VerneMQ and Proxy Protocol

Let's have a look together at a nice little feature that makes integration between proxy components like load balancers and VerneMQ a little bit easier. HAProxy was the first to implement it, and you can find the current specification of the protocol here.

Now, most people simply report what they have heard other folks saying: use the proxy protocol to forward client information "like source IP address" to the backend service. As if there was much more to forward than the source IP. Well, there is a little bit more, but let's have a close look. The spec says this:

"The information carried by the protocol are the ones the server would get using getsockname() and getpeername() :

- address family (AF_INET for IPv4, AF_INET6 for IPv6, AF_UNIX)
- socket protocol (SOCK_STREAM for TCP, SOCK_DGRAM for UDP)
- layer 3 source and destination addresses
- layer 4 source and destination ports if any"

So the proxy protocol doesn't tell you more than just TCP4, TCP6, and then gives you source and destination IPs and ports. A sender implementing the protocol will only send this information once, just after opening the TCP connection. For protocol version 1 (which is the human-readable version, while v2 is binary), it will send the following before sending anything else:

PROXY TCP4 192.168.0.1 192.168.0.11 56324 443\r\n

The receiver then knows that the original connection request comes from 192.168.0.1:56324.

Now, HAProxy didn't invent this only to be useful for a proxy in front of a backend service. The idea is that you can use the proxy protocol passing connection metadata through a chain of components, say firewall, load balancer, application proxy, etc. For that to work, every component needs to implement both sides of the proxy protocol. That is the sender and the receiver side (except the edge components).

VerneMQ only implements the receiver side, in the form of a listener configuration in the vernemq.conf file. For instance, you can enable the proxy protocol for a specific listener like this:

listener.tcp.LISTENER.proxy_protocol = on.

Why does VerneMQ only implement the receiver, you ask?
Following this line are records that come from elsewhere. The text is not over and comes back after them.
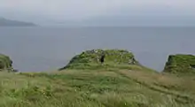 Три кам'яні вогнища та сліди червоної вохри, знайдені на острові Джура та датовані 6000 р. до н. е., є найбільш ранніми кам'яними спорудами, знайденими на поточний момент у Шотландії.[29][30] Однак в цілому неолітичні ділянки на Внутрішніх Гебридах значно менш масштабні та вражаючі від ділянок на Оркні та Західних островах.[Note 2] Збереглися численні ділянки Залізної доби, включаючи залишки форта Дун Рінгілл на острові Скай, який за поземним планом схожий одночасно на брох і на складний атлантичний круглий дім.[31]
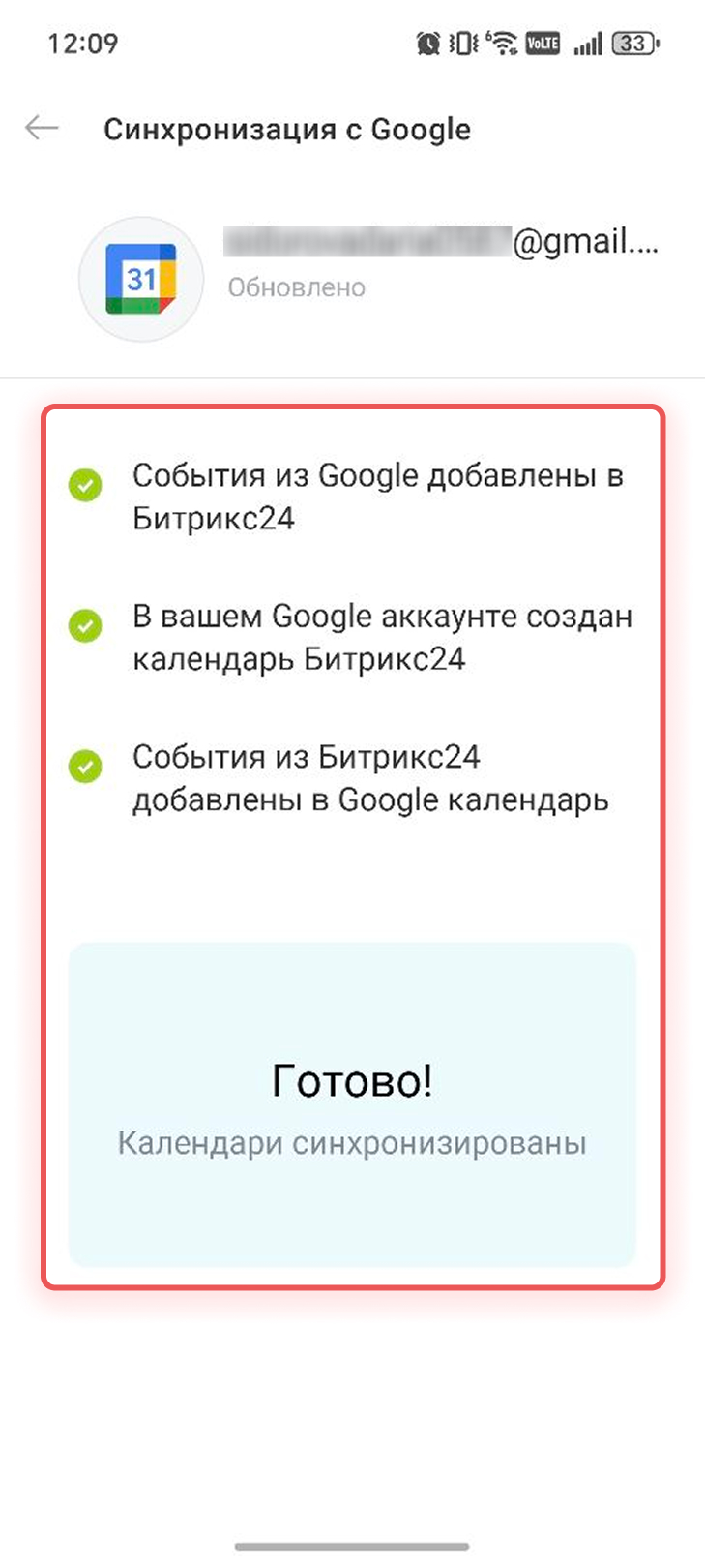Дождитесь, пока завершится синхронизация. После этого события из Google появятся в Битрикс24, а события из Битрикс24 — в Google. В аккаунте Google будет создан календарь Битрикс24 с рабочими событиями.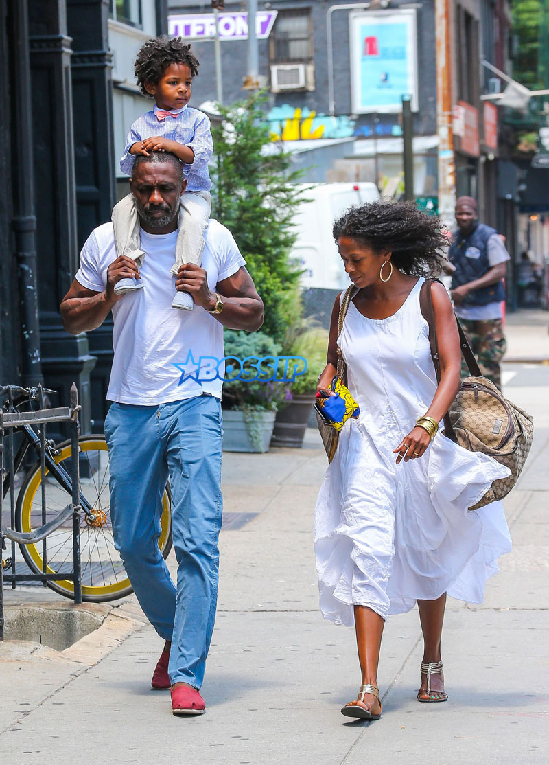 - Exclusive… 52114251 Actor Idris Elba and his son Winston are spotted out with a friend in New York City, New York on July 6, 2016. Winston got a little tired of walking so his daddy gave him a ride on his shoulders. FameFlynet, Inc – Beverly Hills, CA, USA – +1 (310) 505-9876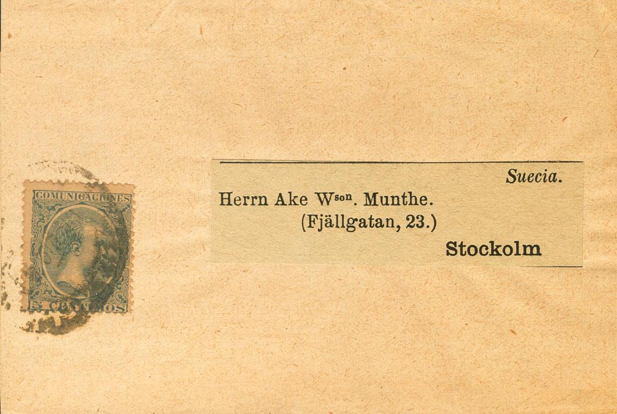 215. (1889ca). 5 cts azul. Faja de Periódico de MADRID a ESTOCOLMO (SUECIA). MAGNIFICA.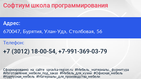 Софтиум, школа программирования по адресу 670047, Бурятия, Улан-Удэ, Столбовая, 56 в дальнейшем Организация, размещена в следующих категориях:

Well, it wouldn't make much sense as a chaining component, and it certainly would break the decoupling of the Pub/Sub model.

Note that when you enable the proxy protocol on a listener, all clients connecting have to use the proxy protocol. That is you can't mix connections coming from HAProxy, and coming from MQTT clients directly, on the same listener.

MQTT clients do not have to implement the proxy protocol. They connect to HAProxy (or any other proxy), and HAProxy will take care of forwarding the connection metadata. VerneMQ will understand both the readable and the binary version of the proxy protocol without further configuration.

What is the proxy protocol used for?

To name just a few use cases:

  • You can log much more useful information in the backend (VerneMQ)
  • You can configure for "sticky session" behaviour in downstream components (supposing you have more than two components chained; you can configure sticky sessions in a load balancer without the proxy protocol)
  • You can configure for basic IP-level security in the backend

What about TLS?

The proxy protocol only works on pure TCP. The implementors even designed it to avoid possible confusion with higher-level protocols like HTTP, SMTP or TLS.

When you terminate TLS connections in VerneMQ, you can't use the proxy protocol.

When you terminate TLS on HAProxy directly (which is not the worst idea, by the way), you can still forward connection metadata using the proxy protocol, because HAProxy will connect to VerneMQ locally over TCP. In that case, you can even forward more information than source IP and port. Look at this config line, for instance.

listener.tcp.proxy_protocol_use_cn_as_username = on

This tells VerneMQ to use the client certificate common name as a user name. How is this even possible? Did we just extend the proxy protocol?

Yes, kind of. The proxy protocol has the following trick up its sleeve:

"If the length specified in the PROXY protocol header indicates that additional bytes are part of the header beyond the address information, a receiver may choose to skip over and ignore those bytes, or attempt to interpret those bytes."

Okay. We get some additional bytes for free, and we are free to interpret or ignore them, as a receiver. Those extra bytes are arranged in a Type-Length-Value struct (TLV). And with that, additional metadata can be transported. Most of those have to do with TLS, like the CN forwarding we capture with VerneMQ. For details on TLV have a look at the specification.

That's it. I hope this was helpful! Oh, and good to know: Proxy protocol support comes open source and for free with VerneMQ!